Available data =>

:::

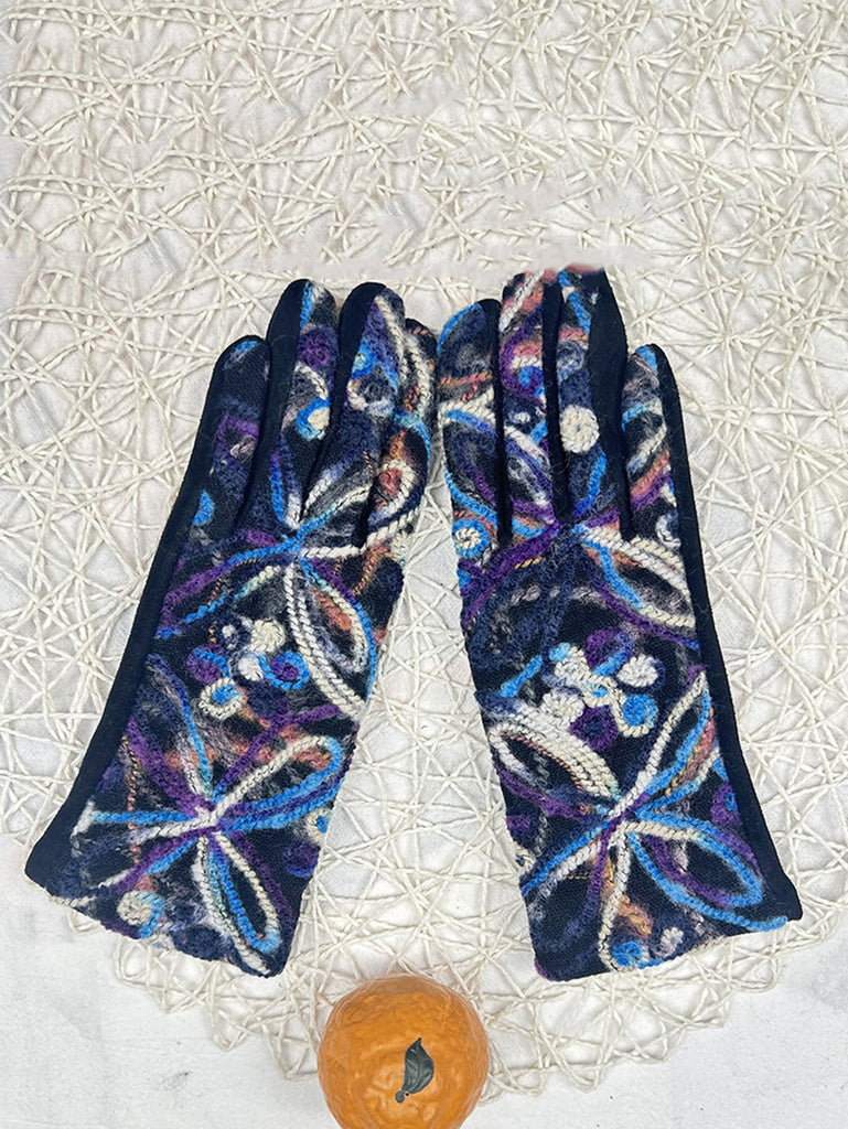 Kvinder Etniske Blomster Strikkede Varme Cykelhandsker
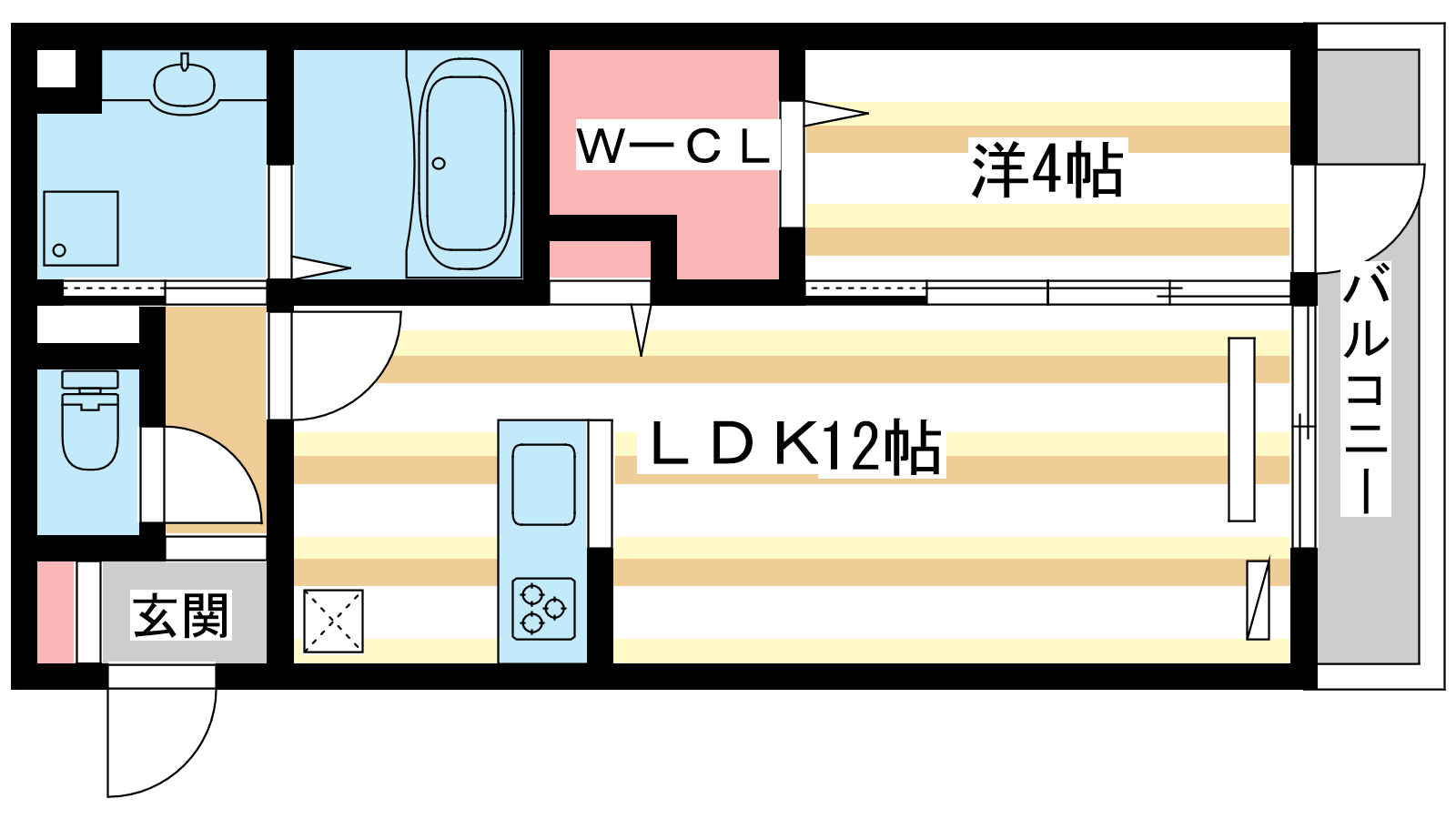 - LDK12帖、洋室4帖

:::

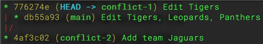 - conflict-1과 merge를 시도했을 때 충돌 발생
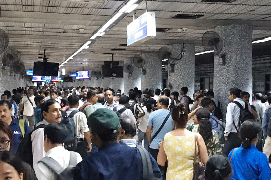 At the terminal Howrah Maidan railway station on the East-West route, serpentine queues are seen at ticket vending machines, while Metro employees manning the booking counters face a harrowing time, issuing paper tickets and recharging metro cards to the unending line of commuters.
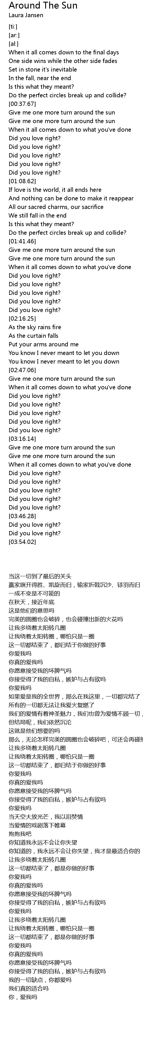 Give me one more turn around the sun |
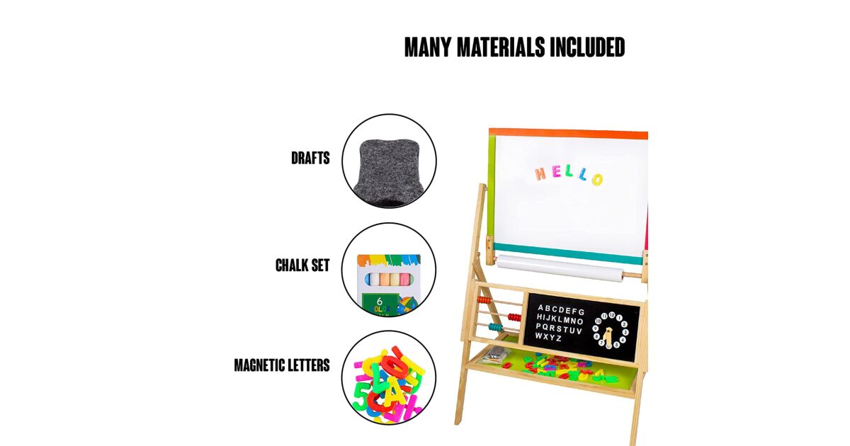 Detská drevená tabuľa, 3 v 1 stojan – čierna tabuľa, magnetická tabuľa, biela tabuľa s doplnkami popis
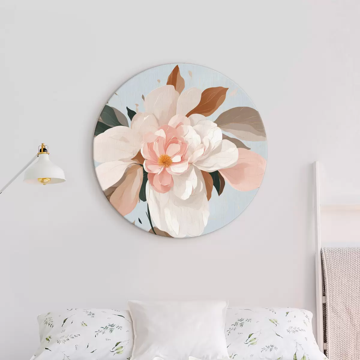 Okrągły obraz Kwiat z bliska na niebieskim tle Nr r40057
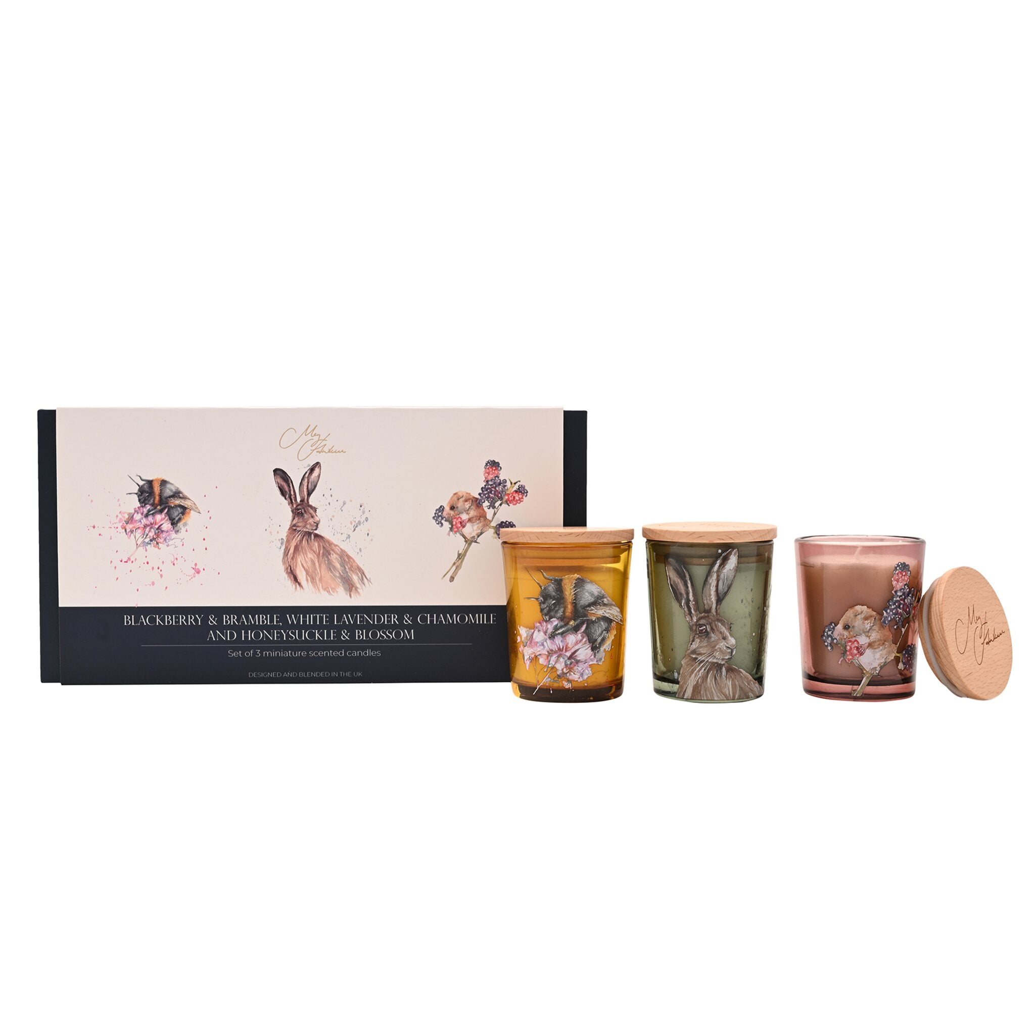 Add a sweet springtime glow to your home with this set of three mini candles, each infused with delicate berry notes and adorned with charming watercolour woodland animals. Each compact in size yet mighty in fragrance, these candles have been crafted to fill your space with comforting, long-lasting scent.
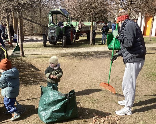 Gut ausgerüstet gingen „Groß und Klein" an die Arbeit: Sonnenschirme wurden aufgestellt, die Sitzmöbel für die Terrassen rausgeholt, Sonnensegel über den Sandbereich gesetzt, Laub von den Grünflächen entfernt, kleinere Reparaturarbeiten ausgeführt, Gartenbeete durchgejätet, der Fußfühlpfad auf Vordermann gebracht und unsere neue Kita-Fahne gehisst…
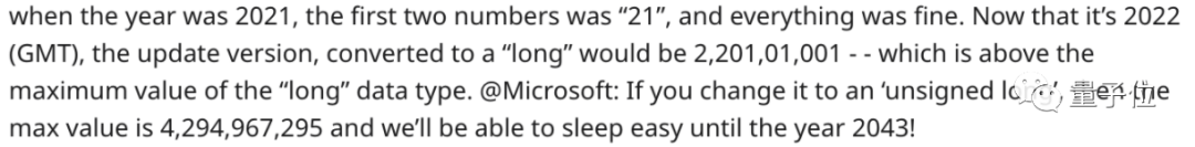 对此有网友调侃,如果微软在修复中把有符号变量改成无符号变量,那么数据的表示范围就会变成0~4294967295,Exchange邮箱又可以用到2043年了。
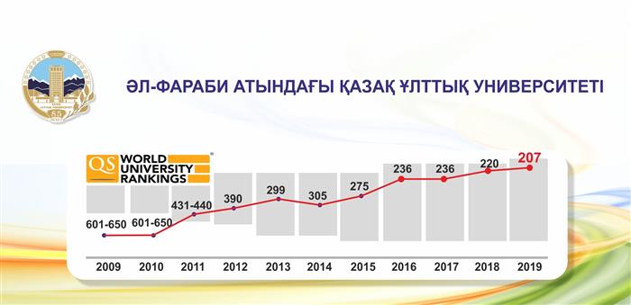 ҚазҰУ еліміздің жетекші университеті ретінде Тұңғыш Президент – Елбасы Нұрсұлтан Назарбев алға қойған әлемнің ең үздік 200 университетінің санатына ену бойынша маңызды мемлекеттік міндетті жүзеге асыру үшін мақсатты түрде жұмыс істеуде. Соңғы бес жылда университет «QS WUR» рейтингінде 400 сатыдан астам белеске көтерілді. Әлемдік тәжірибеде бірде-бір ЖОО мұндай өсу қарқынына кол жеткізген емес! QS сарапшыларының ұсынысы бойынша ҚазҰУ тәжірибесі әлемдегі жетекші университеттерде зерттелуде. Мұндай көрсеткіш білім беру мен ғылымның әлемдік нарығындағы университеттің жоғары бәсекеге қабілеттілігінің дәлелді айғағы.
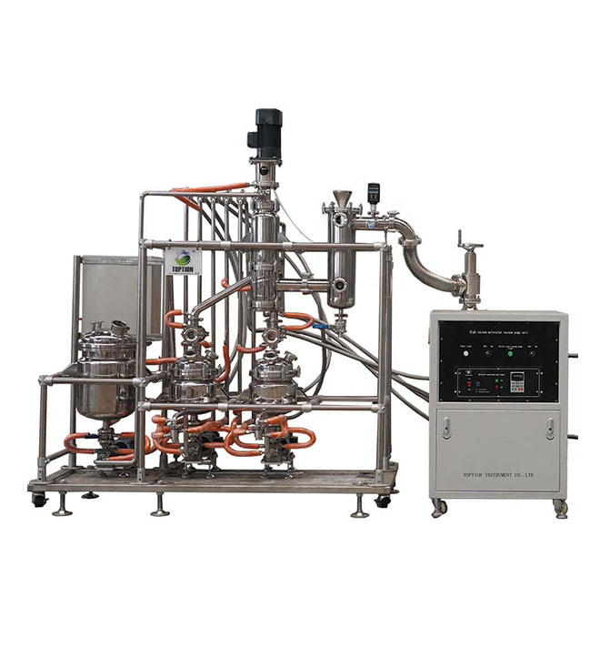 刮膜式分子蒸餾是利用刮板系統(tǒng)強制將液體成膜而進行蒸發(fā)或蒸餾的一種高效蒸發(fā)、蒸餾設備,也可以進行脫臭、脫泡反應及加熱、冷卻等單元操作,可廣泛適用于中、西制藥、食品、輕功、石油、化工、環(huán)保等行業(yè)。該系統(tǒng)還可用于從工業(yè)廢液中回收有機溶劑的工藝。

:::

Assignment => What is needed is an exact copy of the lines above from the one with "Give me one more turn around the sun |" to the one with "Gut ausgerüstet gingen", both ends kept, and nothing more; please leave the pictures out.

The completed task =>
 Give me one more turn around the sun |
 Detská drevená tabuľa, 3 v 1 stojan – čierna tabuľa, magnetická tabuľa, biela tabuľa s doplnkami popis
 Okrągły obraz Kwiat z bliska na niebieskim tle Nr r40057
 Add a sweet springtime glow to your home with this set of three mini candles, each infused with delicate berry notes and adorned with charming watercolour woodland animals. Each compact in size yet mighty in fragrance, these candles have been crafted to fill your space with comforting, long-lasting scent.
 Gut ausgerüstet gingen „Groß und Klein" an die Arbeit: Sonnenschirme wurden aufgestellt, die Sitzmöbel für die Terrassen rausgeholt, Sonnensegel über den Sandbereich gesetzt, Laub von den Grünflächen entfernt, kleinere Reparaturarbeiten ausgeführt, Gartenbeete durchgejätet, der Fußfühlpfad auf Vordermann gebracht und unsere neue Kita-Fahne gehisst…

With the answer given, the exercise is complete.